Ainsi, le SHFJ développe une imagerie des processus neurodégénératifs, par des travaux sur les maladies de Parkinson et de Huntington. L’étude de ces maladies est complétée par des recherches sur les mécanismes cellulaires de leur développement (mécanismes de mort cellulaire, dysfonctionnements neuronaux, recherche de marqueurs pour ces maladies, recherche de neuroprotecteurs…).

Et pour l’avenir ?

Les moyens d’investigation développés sont mis au service de la recherche et du développement de nouvelles stratégies thérapeutiques pour les différentes pathologies étudiées. Le SHFJ est ainsi à l’origine de récents résultats prometteurs concernant le traitement de la maladie de Huntington par la réalisation de greffes neuronales. En collaboration avec d’autres équipes, il a par ailleurs pu montrer la possibilité d’un traitement de la maladie de Parkinson par thérapie génique…

Ajoutons qu’en 2002, le Service Hospitalier Frédéric Joliot a accueilli un nouveau cyclotron à usage médical, afin de répondre aux besoins croissants de production de radio-isotopes pour l’imagerie médicale.
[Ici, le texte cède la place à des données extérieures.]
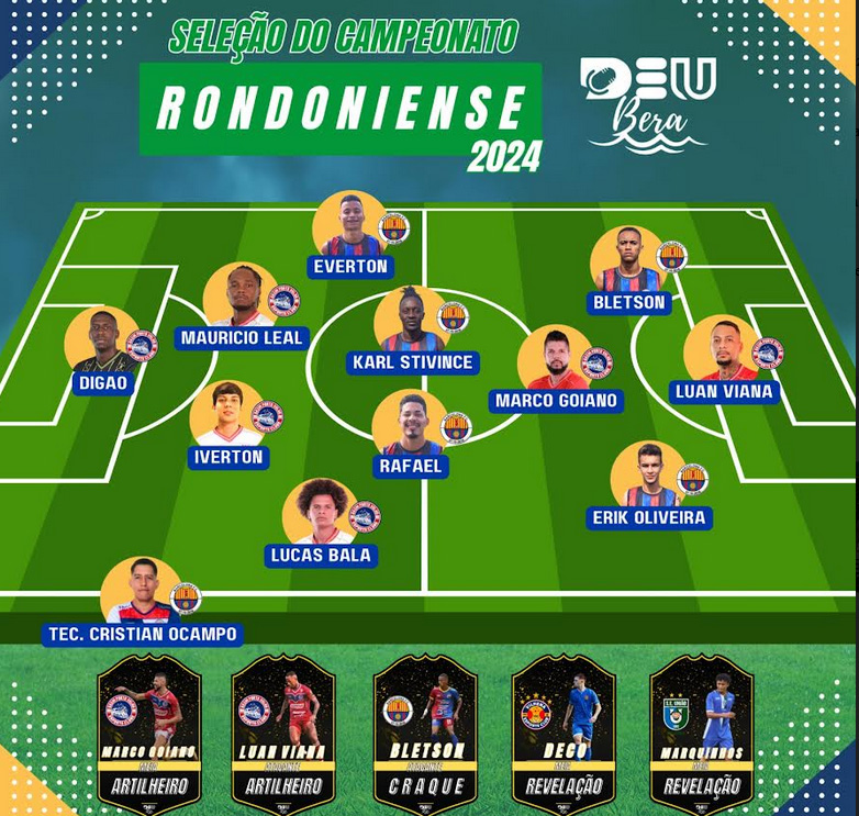 A equipe do Deu Bera, projeto vinculado a Universidade Federal de Rondônia (Unir), elegeu a seleção do Campeonato Rondoniense 2024, competição que encerrou na última quarta-feira (5) com o título do Porto Velho. A equipe jornalística formada por 16 pessoas, todas da Unir, produziu conteúdos diários sobre as seis equipes durante todo o Estadual e transmitiu todos os jogos em Porto Velho.

Le prix de l’Institut de France aidera Denis LE BIHAN et Stanislas DEHAENE à continuer leurs travaux : repousser les limites méthodologiques actuelles de la neuro-imagerie et utiliser ces méthodes pour déchiffrer le codage cérébral dont dépendent les processus cognitifs humains (langage, calcul, conscience…).

Ce prix contribuera également au projet NeuroSpin, qui prévoit d’installer, d’ici 2006, à Saint-Aubin, près du centre CEA de Saclay, un plateau technique équipé d’outils d’imagerie par RMN d’une puissance à ce jour inégalée, permettant d’observer le cerveau avec une précision spatiale et temporelle accrue.

Cette plate-forme d’imagerie unique en Europe disposera de ressources et d’outils exceptionnels. Son originalité sera de réunir acteurs méthodologiques et neurobiologistes du plus haut niveau. En étroite collaboration scientifique avec les autres organismes de recherche, dont l’INSERM et les universités, NeuroSpin assurera la coordination des travaux, la mise en réseau des compétences et l’optimisation des moyens. Environ 150 chercheurs, médecins, étudiants, ingénieurs et techniciens sont attendus pour développer de nouveaux outils et de nouvelles méthodologies au service de la santé.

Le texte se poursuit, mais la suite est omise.